Стоило ей уйти, как я тут же оделся и пошел вниз. Стэн подметал тротуар перед домом. Я попробовал пройти мимо, чтобы он не заметил, но он заметил. «А по виду не скажешь, что заболел», – сказал он, смахивая охапку листьев с тротуара на мостовую. Я сказал: «Это внутренняя болезнь». Он спросил: «И куда же наш больной направляется?» Я сказал: «В аптеку на Восемьдесят четвертой улице, купить сосулек от кашля». Ложь № 3. На самом деле я пошел в мастерскую «Фрейзер и сыновья», в которой ремонт замков, на Семьдесят девятой.

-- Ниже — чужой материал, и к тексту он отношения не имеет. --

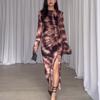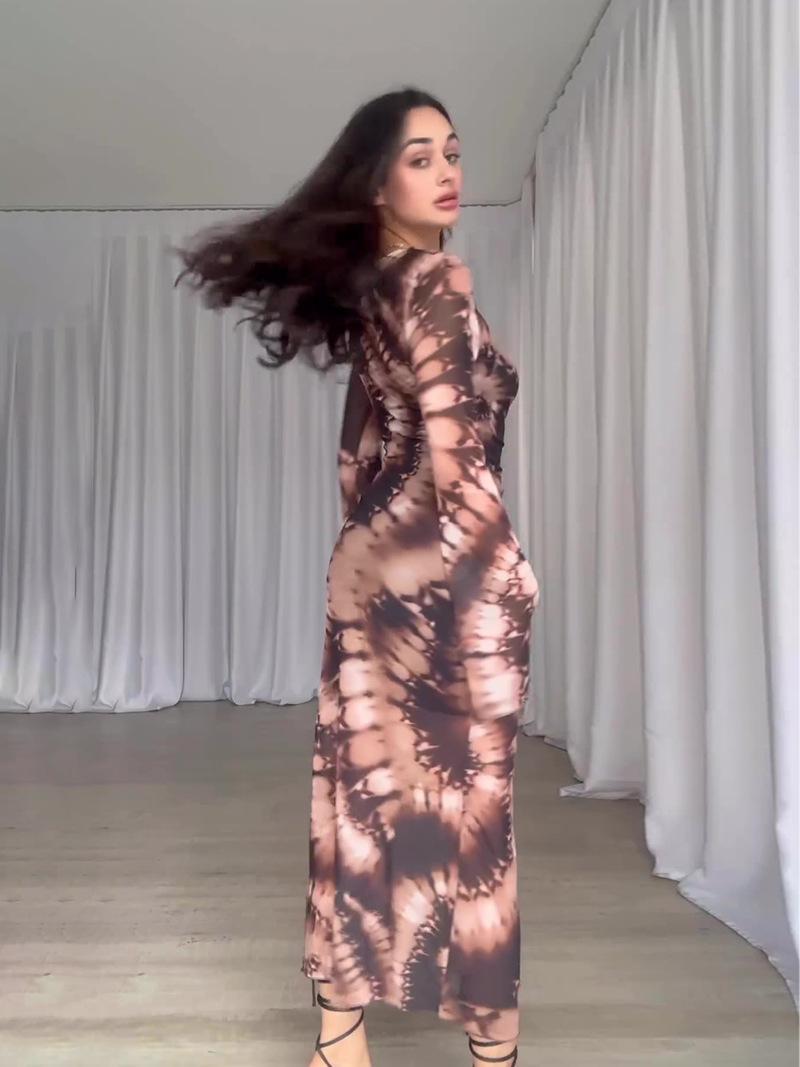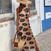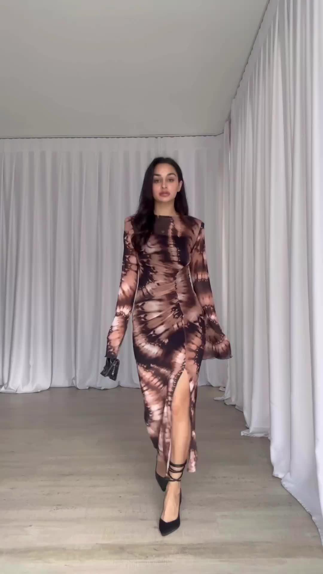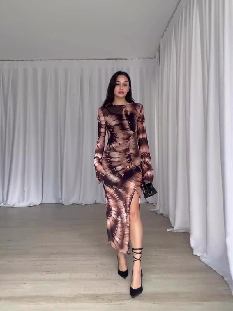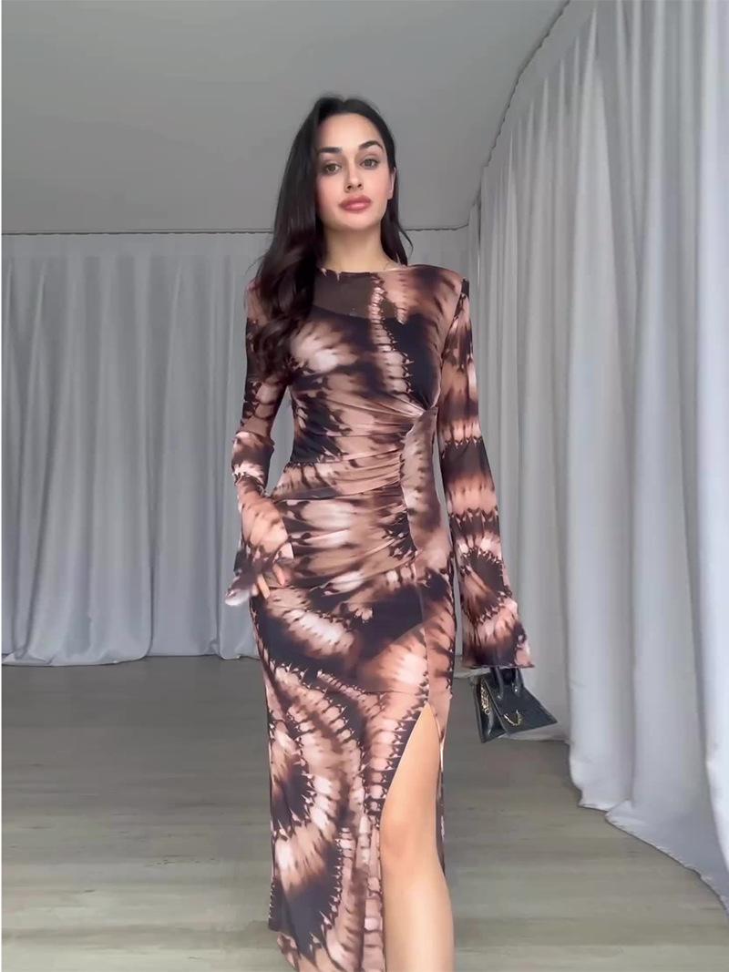 Vestido ajustado con abertura y manga larga plisado con estampado de leopardo de Amazon europeo y americano, otoño 2023

«Опять за запасными ключами?» – спросил Уолт. Я ответил на его хай-файв, достал ключ и спросил, что он мне может про него рассказать. «Это от какого-то ящичка», – сказал он, держа его перед лицом и рассматривая поверх очков. «Даже, пожалуй, сейфа. Это ясно по форме». Он указал на панель с крючками на стене мастерской, где висела куча разных ключей. «Видишь, эти совсем другие. Твой значительно толще. Его труднее сломать». Я провел рукой по всем ключам на стене, до которых смог дотянуться, и от этого мне почему-то стало спокойнее. «Но вряд ли от встроенного сейфа. Что-нибудь не слишком большое. И наверняка переносное. Может быть, даже касса. Старого образца. Или какой-нибудь допотопный генератор». Тут я немного раскололся, хотя и знаю, что нет ничего смешного, когда человек – дегенератор. «Это старый ключ, – сказал он. – Ему лет двадцать, а то и все тридцать». – «Откуда вы знаете?» – «Я про ключи все знаю». – «Клево». – «Многие сейфы теперь вообще без ключей». – «Как это?» – «Ключами уже почти никто не пользуется». – «Я пользуюсь», – сказал я и показал ему ключ от нашей квартиры. «Я знаю, что ты пользуешься, – сказал он. – Но таких, как ты, скоро совсем не останется. Сегодня все замки электронные. Открываются дистанционно. Или распознают отпечаток пальца». – «Но это же круто». – «Мне ключи больше нравятся». Я задумался на минуту, а потом у меня возникли гири на сердце. «Если таких, как я, скоро не останется, что же будет с вашим бизнесом?» – «Придется перепрофилироваться, – сказал он. – Как магазин пишущих машинок. Пока мы нужны, а скоро станем достопримечательностью». – «Может, вам открыть другой бизнес?» – «Мне этот нравится».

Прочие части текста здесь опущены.